此人正是风流公子至尊玉,乃齐大圣转世之身,三生三世逆而行:第一世为真武大帝,护西海三公主而神魂俱碎;第二世化二郎真君,剜心换命以入轮回;今世堕凡尘,觉醒齐记忆,手持定海神珍剑,重踏修仙之路。他本应冷心绝情,奈何宿念难消,梦中犹念旧人。
酆都大帝见他蜷缩颤抖,面露悲悔,心头莫名一痛,竟不由自主伸手握住其臂。
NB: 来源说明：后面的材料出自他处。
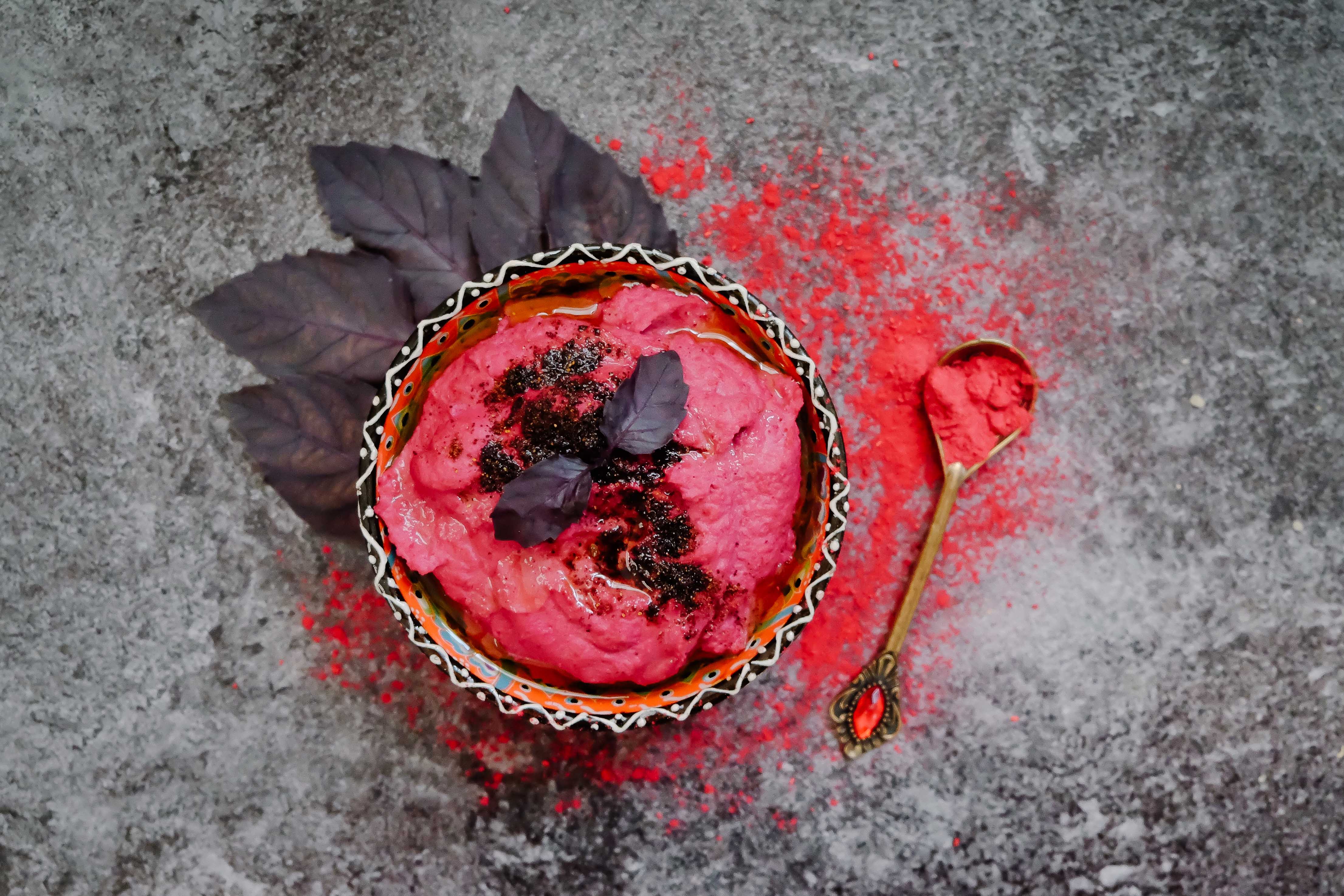 I created a hummus duo spicy and sweet that can be enjoyed alone or together using the following Feinstoff products: raspberry powder, help protein, hemp seeds, cabbage powder – in order to showcase how versatile the products are and how to combine them best.
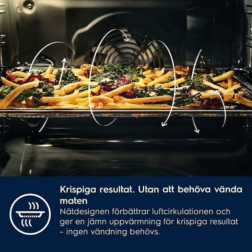 Optimal luftcirkulation för jämn tillagning Den specialdesignade nätstrukturen förbättrar luftflödet i ugnen, vilket gör att värmen fördelas jämnt runt maten. Resultatet blir perfekt tillagad mat med en krispig yta varje gång.

须臾之后,少年气息渐稳,面色由白转润,肌肤晶莹剔透,隐隐泛出宝光,经脉畅通无阻,显是体内已生异变——原来适才她以百花仙露渡其元神,此水乃先灵液,可通生死、续断脉、洗凡骨、启灵台,正合《多心经》所言“度一切苦厄”之妙用。
她凝视玉瓶,心中惊叹不已,继而又闻“紫衣”之名,顿觉胸口闷堵,娇哼道:“都快被困死在这了,还念着别的女子,真是过分!”殊不知自己亦曾五万年痴守亡者之影,执念深重,不过五十步笑百步耳。
环顾四周,但见主殿恢弘壮丽,黄金长桌分列两侧,鼎炉烈焰熊熊,阶上金椅高耸,壁间图腾诡异:内层金光璀璨,外绕暗红光晕,状若燃烧之火,中央倒悬一柄深红神剑,血意森然,与满殿辉煌格格不入。酆都大帝秀眉紧蹙,心知此乃倭鬼太阳女神受祭之所,昔日光明普照,实则暗藏邪祟。
偏殿藏宝无数,却无草薙剑踪迹。她意兴阑珊,低声喟叹:“难道我九幽冥王,真要葬身于此?”
“早知如此,何必当初?”冷语突起,如霜刃破空。
酆都大帝惊回首,只见至尊玉不知何时已然起身,立于身后,神色冷漠,目光如冰。她却不恼,反露喜色:“你醒了。”
至尊玉略怔,旋即恢复冷峻:“是你救了我?”
“自然是我。”她扬声道,“若非我施百花仙露,你早已魂飞魄散。你欠我一条命。”
至尊玉淡淡道:“我会记住。你要我死,我可立刻自断经脉。”
此言如针刺心,酆都大帝怒极反笑:“好个冷血之人!我既救你,岂望你感恩戴德?只是同陷绝境,何须彼此相残!”
至尊玉默然,细观其容——清丽依旧,却憔悴消瘦,脸上微染尘灰,不复往日高傲威仪。他心中微动:若她真欲杀我,何须亲施灵药?又怎会守候至今?然敌我分明,不可轻信。
正欲转身离去,忽听她轻叹:“我们即将赴死,你为何仍对我这般厌恶?”
至尊玉止步,回首凝视,见她眼中含愁带怨,笑容无奈,不禁脱口而出:“你不必救我。敌非友,救我何益?”
酆都大帝摇头微笑:“我不愿死,更不愿对着一具腐尸等死。那般孤寂,胜过千刀万梗”
至尊玉闻言,心头一凛,寒意顿生。此境之怖,并非死亡,而是永寂。
她又道:“我不求你领情。我只是……你很像一个人。”
“谁?”
“妖王之王。”她轻语,面上浮起一丝甜蜜与哀伤交织的笑容,“几万年前的事了,他喝了孟婆汤转世,了你也未必知晓。”
至尊玉一震,凝视其容,忽觉眼前女子并非冷酷冥帝,而是一介凡心未泯的痴情女子。他缓声道:“他是他,我是我。纵有相似,终非一人。”
酆都大帝身躯微颤,心知此理,却难自拔。正如菩提祖师曾言:“情之一字,最是磨人。纵使跳出三界,难逃一心。”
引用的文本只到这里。